State Revenue Secretary Ronald Penny warns that some small municipalities in rural counties shedding residents and tax base might not survive. State Auditor Beth Wood says state officials should crack down on towns and counties with slipshod finances.

Both are members of the N.C. Local Government Commission. It is responsible for approving local bonds and debt, and ensuring proper financial accounting standards are in place. In extreme circumstances, the commission can assume control of struggling municipalities.

Penny and Wood raised concerns at a July 10 meeting after hearing another monthly round of public project financing requests. Six of the 26 approvals involved towns and counties that overspent budgets, lacked appropriate fiscal controls, or failed to reconcile books and record transactions.

“The statute is on the books that cities and counties and school boards will not spend [money] they have not budgeted for. That’s a law,” Wood told Carolina Journal after the meeting. Yet some violate the law, and their accountants writes them up.

Wood has been a commission member for 10 years. She said towns often seek funding without correct documentation even after the commission has formally warned them of poor bookkeeping practices.

A town may overspend without running debt. Revenues might exceed projections. But if that doesn’t happen, a municipality would need to raid its state-mandated reserve funds, shelve authorized expenditures, or raise tax and service fees.

“It’s time for these repetitive issues to stop. What’s the use of having a law if you’re not going to hold anybody accountable for breaking the law, and people have blown you off for so many years?” Wood said.

“You [must] hold commissioners and council members accountable for allowing a finance officer, or you [must] hold the finance officer accountable, for constantly writing checks, paying bills that have not been budgeted for, and then the budget’s not adjusted before year’s end,” Wood said.

Enforcing existing law is not enough, she said, and the commission’s small staff can’t continue fixing problems among 1,300 units of local government which annually submit audit reports.

She wants the commission to push for a new law prohibiting a municipality from going more than three months without a finance officer or other entity reconciling its books. And it should seek legislation letting a certified public accounting firm serve as a municipality’s accountant. The U.S. Government Accountability Office is preparing revisions to the Generally Accepted Government Auditing Standards authorizing CPA firms to conduct audits, Wood said.

Sloppy bookkeeping is more likely in rural areas, but not exclusive to them. Their budgets are smaller and tighter. There are fewer — if any — qualified individuals or firms in depopulating counties that understand government reporting rules and statutes, Wood said.

“We have actually been working on all of those things,” said Greg Gaskins, commission secretary.
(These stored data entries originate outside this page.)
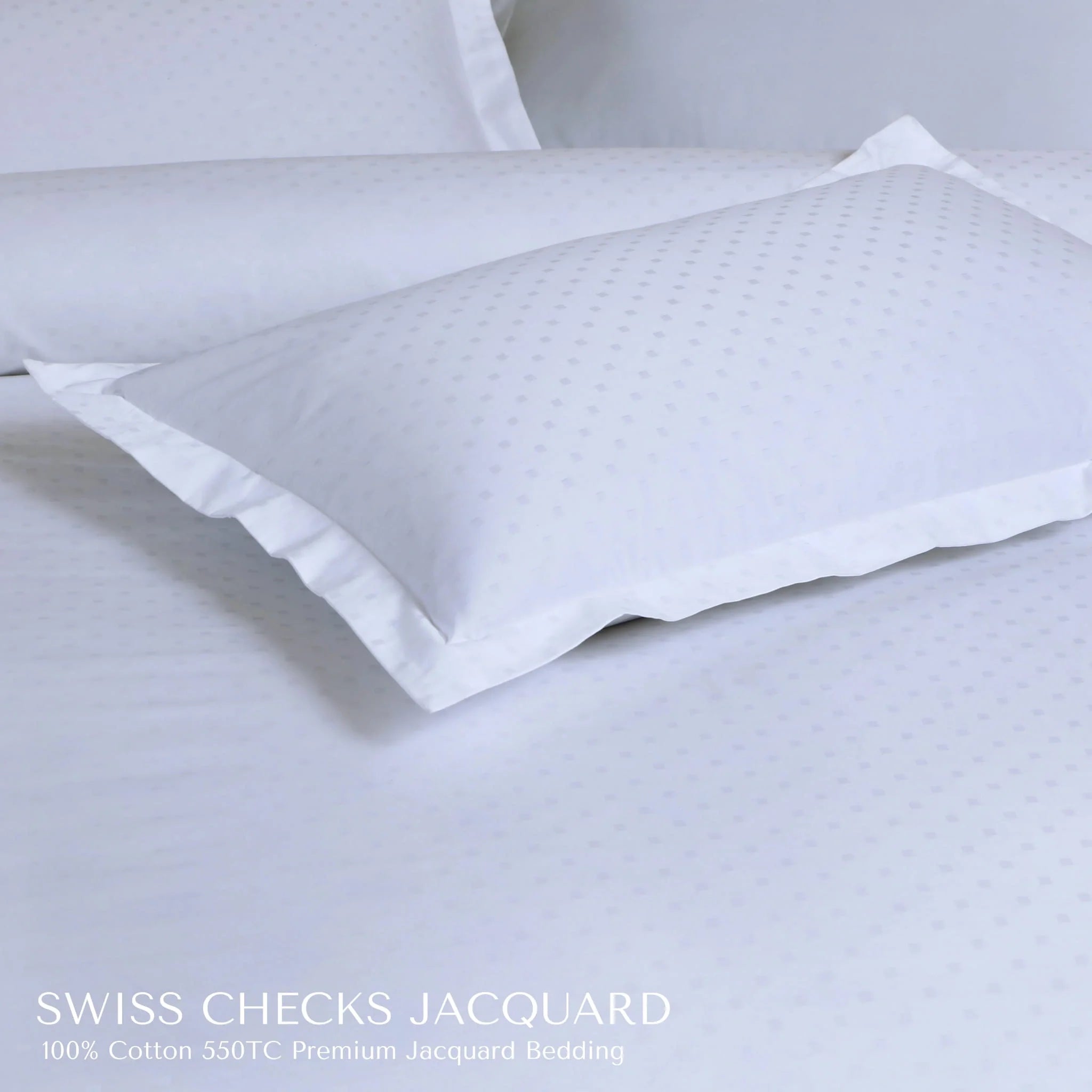 Malako Swiss Checks Jacquard Brilliant White 550 TC 100% Cotton King Size Duvet Cover Set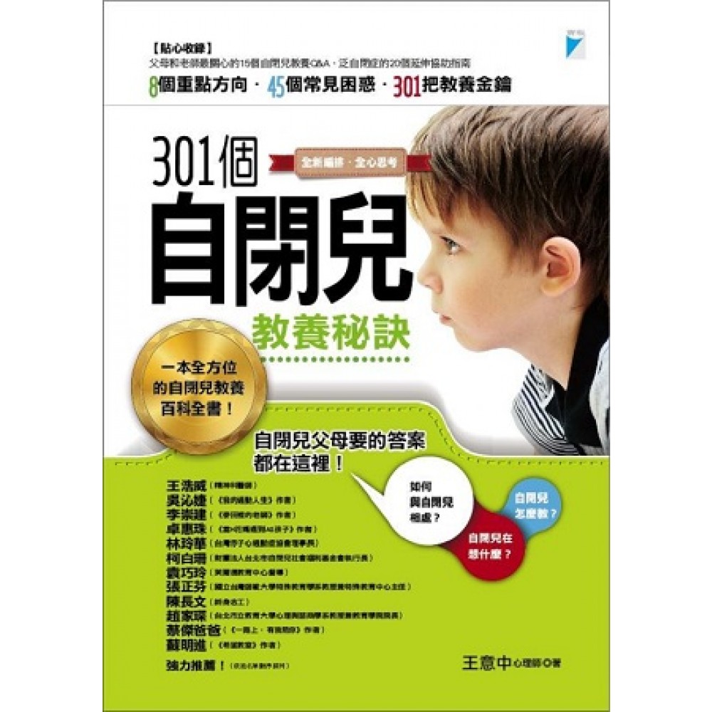 細心領會星兒的生命力 文◎王意中 在自閉兒的世界裡,存在著許多的異質性。當你遇見五個孩子,呈現在你眼前的,會是五個完全不同的生命樣貌,及屬於他與家人的動人生命故事。我想,在自閉兒的生命歷程中,最佳男女主角獎:孩子。最佳導演獎:父母。最佳改編劇本:老師及專業團隊。同時,孩子、父母、老師和專業團隊等將一起共同演出最佳劇情片。 自閉症與亞斯伯格症就像落在一道光譜的兩端,這些孩子同時受困於語言溝通、社會能力障礙,及刻板、侷限、重複的行為,和過度專注的興趣與活動上。這些核心問題,往往如一道石牆般,阻礙著人們與星兒們彼此的認識與瞭解。 診斷有時就像3C產品或電腦作業系統一樣,每隔一段時間就會出現新的版本。目前,新版精神疾病診斷與統計手冊第五版(DSM-V)取消了原先亞斯伯格症的 名稱,將上述診斷回到轉趨於嚴格界定的自閉症譜系障礙(autism spectrum disorder;ASD)。雖然亞斯伯格症名稱已經被取消,但並不表示這些孩子的特殊需求、身心特質及困境已經消失不見,或已獲得改善。 常常提醒自己,「遇見自閉兒,我是先看到孩子,還是自閉症?」請記得,所有的自閉症狀加總起來,並不等同於孩子這個人。有時,面對孩子的診斷,就像是百貨公司裡的品牌服飾專櫃。無論這些服飾品牌如何,自閉或亞斯,你需認識的該是退下品牌服飾後,一位具生命力的孩子,一位你必須細心領會的孩子。 自閉兒的情緒與行為等問題像數獨 (sudoku),每道似乎都有解答,只是我們需要花多少時間才能解開。常形容自閉兒像一道牆,是我們必需鑿開牆面一窺自閉兒的內心世界,還是總期待他們能夠將牆奮力一推。請想一想,在融合的這段路途上,我們彼此曾經為自閉兒做過什麼努力? 在這本《301個自閉兒教養祕訣》,融合了我自己多年來關於自閉兒在早期療育、兒童青少年心理諮商與治療、父母親職教養與校園心理諮詢等臨床實務。書中將和你分享自閉兒常面臨的8項關鍵成長議題。包括(1)刻板、局限與重複行為(2)興趣與專注(3)語言與溝通(4)情境調適(5)親師溝通與學習(6)班級經營與融合(7)遊戲與人際關係(8)同理與接納等內容。同時,提供301個問題解決策略,做為自閉兒父母在親職管教上,及老師班級經營上的參考秘訣。 感謝寶瓶文化朱亞君社長兼總編輯的愛護與支持,及我生命中出現的自閉症與亞斯伯格症孩子、父母與老師們,是你們讓我豐富內心的視野,看見生命中的各種美好與可能,並使自己的生命更有厚度。感謝在本書的書寫期間,我親愛的家人無盡的關心、支持、加油與陪伴。謹將此書獻給老媽、老婆與姵涵、翔立、涵立三好米寶貝。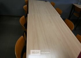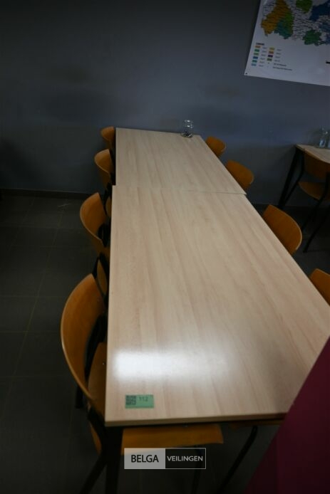 Tafels en Stoelen, 2 tafels berken laminaat en zwarte metalen poten, 8 stoelen houten zitting met zwart metalen frame
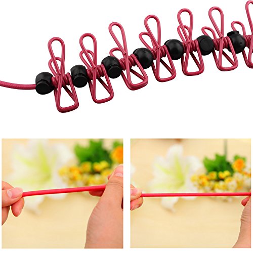 優れたロープ:両端のフックを使って簡単にロープを張ることができます。高い弾性と耐久性があり、軽く、収納に困ることのない優秀な物干しロープです。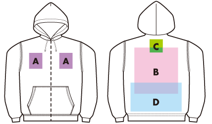 ※プリント場所を増やしたり色数を増やす場合は1箇所1色増えるごとに上記追加料金をたしてください。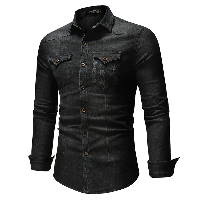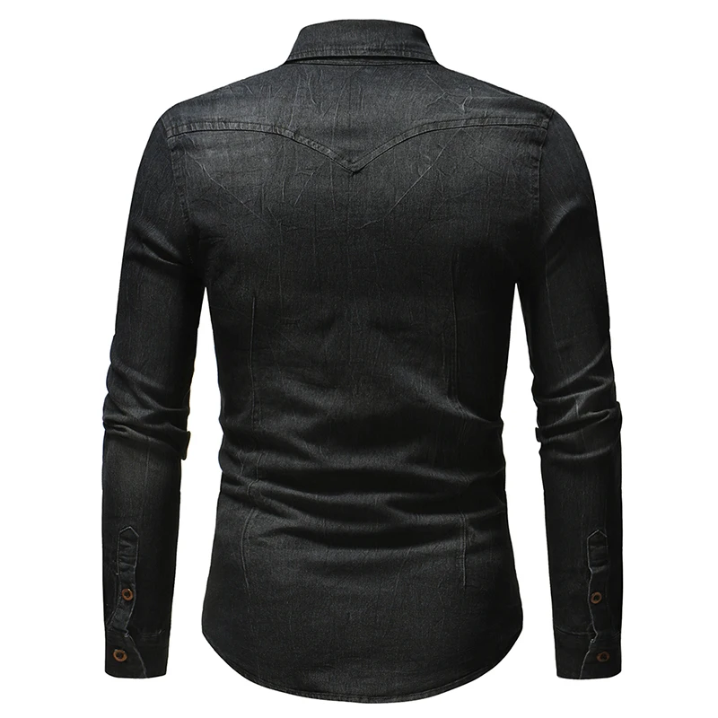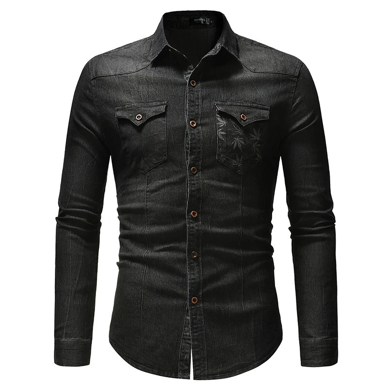 2021 весенне-осенние высококачественные куртки и пальто Джинсовая рубашка мужская повседневная футболка с длинным рукавом, облегающая, Приталенная модель карман цвет: черный, синий рубашка размера плюс 3XL

In one part of the state a circuit-riding finance director works for several governments. Councils of government have been contacted to work on solutions. The commission developed a government finance training pilot course with the N.C. Community College System.

But Gaskins agreed struggling municipalities need help. “When the next [economic] downturn comes, some of these people will not be able to survive.”

Penny said bright and talented young people move away from rural areas and don’t come back. Some counties and municipalities might not have enough money to hire a new finance director when an opening occurs because they’re paying wage and benefit obligations for the previous person.

He said Wood’s push for tough love on lawbreaking municipalities might not be enough.

“Some of them are just too small to be financially feasible,” Penny said. As residents leave, so do businesses vital to the tax base. “And so once we go down that road, recognize there’s probably going to have to be some — more than tough love, I’d say — harsh love.”

The commission recently threatened the Cherokee County town of Andrews, population 1,700, with state takeover because of its financial woes. The commission sent an intervention assistance team which provided guidelines to move the town toward solvency and independence.

“[Some] citizens actually cheered to adopt a budget that increased both their water and sewer rate by a substantial amount — from $16 to $28 — and their [property] tax rate by not by the 8 cents we recommended, but by 10 cents,” Gaskins said.

Last November, residents replaced the mayor and all four aldermen.

“When we came in we ran into a lot of problems where there was some excessive spending,” said Mayor James Reid. “The town had kind of been kicking the can down the road and not doing what we truly needed to do.”

The Water and Sewer Department had run $500,000 deficits over two years, Reid said. The Police Department was among the highest paid in the region, and compiled significant overtime. About $220,000 in questionable remodeling was done at Town Hall.

NFocus, a Kannapolis consulting firm, billed the town about $400,000 over two and a half years. NFocus provided a town administrator, drafted budgets, and rented a house from a former alderman, Reid said. It created a 400-page book of regulations that discouraged economic development.

“If we would have kept on at the current rate that we were going in December, I think we could have easily been out of money by March or April of this year,” Reid said.

NFocus is suing the town, claiming unpaid expenses. Reid said the firm knew the town could not afford its services this year, but budgeted for them anyhow.